#### [How to complete this task]
Nothing is needed except the lines below that run from the one with "4ª reunião de trabalho do PLVB em 2024." through the one with "SYDNEY. Australijski Związek", repeated exactly.

────

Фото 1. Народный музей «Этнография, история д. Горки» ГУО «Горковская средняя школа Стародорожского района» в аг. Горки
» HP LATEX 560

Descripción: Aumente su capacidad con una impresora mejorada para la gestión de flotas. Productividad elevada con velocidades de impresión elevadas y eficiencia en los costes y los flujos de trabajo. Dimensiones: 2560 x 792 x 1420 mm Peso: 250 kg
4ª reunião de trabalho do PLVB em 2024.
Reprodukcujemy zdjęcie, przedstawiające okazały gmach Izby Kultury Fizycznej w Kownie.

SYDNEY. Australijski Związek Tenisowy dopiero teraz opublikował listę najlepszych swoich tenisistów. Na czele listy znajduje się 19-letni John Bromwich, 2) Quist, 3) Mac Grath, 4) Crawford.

────

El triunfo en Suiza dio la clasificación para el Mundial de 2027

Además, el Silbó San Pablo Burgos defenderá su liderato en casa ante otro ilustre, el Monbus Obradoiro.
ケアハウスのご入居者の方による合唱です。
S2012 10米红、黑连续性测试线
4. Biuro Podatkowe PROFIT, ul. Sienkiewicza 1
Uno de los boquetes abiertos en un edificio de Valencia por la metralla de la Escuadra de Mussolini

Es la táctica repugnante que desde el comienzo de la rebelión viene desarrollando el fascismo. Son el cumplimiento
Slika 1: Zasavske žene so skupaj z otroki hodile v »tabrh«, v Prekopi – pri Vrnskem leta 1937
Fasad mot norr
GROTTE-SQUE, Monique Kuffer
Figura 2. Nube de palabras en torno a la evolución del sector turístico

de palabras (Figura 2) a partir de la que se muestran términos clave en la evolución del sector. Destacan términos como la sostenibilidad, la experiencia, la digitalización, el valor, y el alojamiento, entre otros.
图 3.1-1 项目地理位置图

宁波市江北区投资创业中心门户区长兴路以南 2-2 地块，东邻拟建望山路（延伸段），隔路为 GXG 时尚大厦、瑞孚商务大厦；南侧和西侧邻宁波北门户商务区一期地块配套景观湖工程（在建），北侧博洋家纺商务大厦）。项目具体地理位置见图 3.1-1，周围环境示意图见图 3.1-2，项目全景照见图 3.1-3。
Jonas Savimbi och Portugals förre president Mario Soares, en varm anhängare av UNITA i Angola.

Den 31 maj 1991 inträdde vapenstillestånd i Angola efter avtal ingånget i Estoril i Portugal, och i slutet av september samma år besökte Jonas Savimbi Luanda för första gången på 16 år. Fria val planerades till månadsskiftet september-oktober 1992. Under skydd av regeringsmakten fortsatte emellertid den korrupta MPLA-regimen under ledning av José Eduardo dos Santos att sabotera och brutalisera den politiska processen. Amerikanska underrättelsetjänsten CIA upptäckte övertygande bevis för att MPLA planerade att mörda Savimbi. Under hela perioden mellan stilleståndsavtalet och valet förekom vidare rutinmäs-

────

#### [Result of this exercise]
4ª reunião de trabalho do PLVB em 2024.
Reprodukcujemy zdjęcie, przedstawiające okazały gmach Izby Kultury Fizycznej w Kownie.

SYDNEY. Australijski Związek Tenisowy dopiero teraz opublikował listę najlepszych swoich tenisistów. Na czele listy znajduje się 19-letni John Bromwich, 2) Quist, 3) Mac Grath, 4) Crawford.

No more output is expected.